Reactions by researchers to Microsoft's name change and Google's earlier 60-day deadline idea was mixed.
"What's really important [about Google's deadline proposal] is that this is coming from a vendor, not a researcher," said Dino Dai Zovi, a well-known New York-based vulnerability expert. "Microsoft should adopt some of Google's recently-announced vulnerability handling policies, including bug bounties and a 60-day time limit."
But Dai Zovi commended Microsoft on today's move. "I am the most pleased that Microsoft is dropping the 'responsible disclosure' term, because I considered it a loaded term. It implied that anything other than Microsoft's strict definition is irresponsible."
He also argued that the CVD proposal is "more evolutionary than revolutionary," but added that Microsoft's sheer size makes it tough for the company to adopt major policy changes quickly.

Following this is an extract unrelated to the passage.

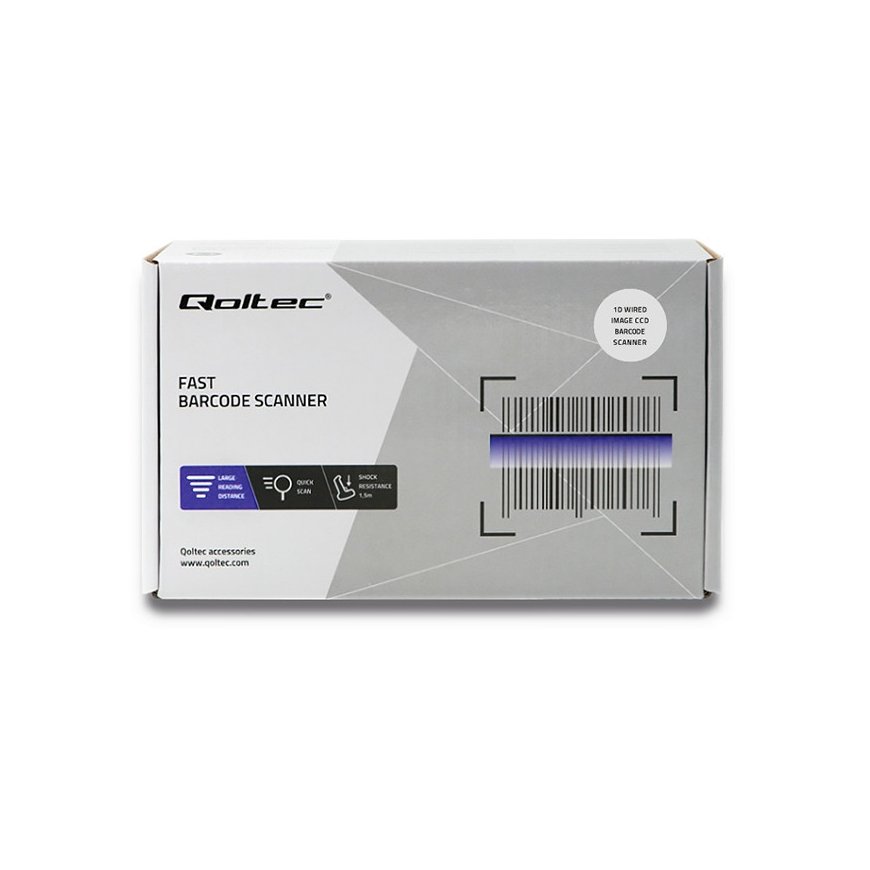 RELIABLE AND EFFICIENT Barcodes are everywhere. You will find them in warehouses, stores, pharmacies, offices, gyms and many other places that you visit every day. A Qoltec barcode reader is perfect for all of these locations. Our device guarantees: - reading 1D codes, - efficient work at the speed of 500 scans per second, - resistance to falls (from a height of 1.5m), - scanning codes at different angles, including inverted ones, - confidence that the code has been read correctly thanks to the sound signaling.

Dan Kaminsky, chief scientist at Recursion Ventures, agreed with Dai Zovi that CVD is a minor shift and sees disclosure deadlines as an important issue Microsoft didn't address. Kaminsky is best known for uncovering a design flaw in the Internet's key DNS protocol and for coordinating a large-scale, multivendor patch effort two years ago.
"This is less a statement of what needs to change and more a statement that they're open for change," said Kaminsky of Microsoft's CVD proposal. "The fundamental question at play is what should be the timeline for vulnerability disclosure."
But Reavey was adamant that CVD, which lacks a commitment to hard deadlines, is what Microsoft's customers wanted. "They look to the security community to help them," said Reavey. "They don't want the risk amplified by information [going public] before a high-quality update is ready. That's way we should shift the focus from one on emotional debates about 'responsible disclosure' to one that reduces risk to customers."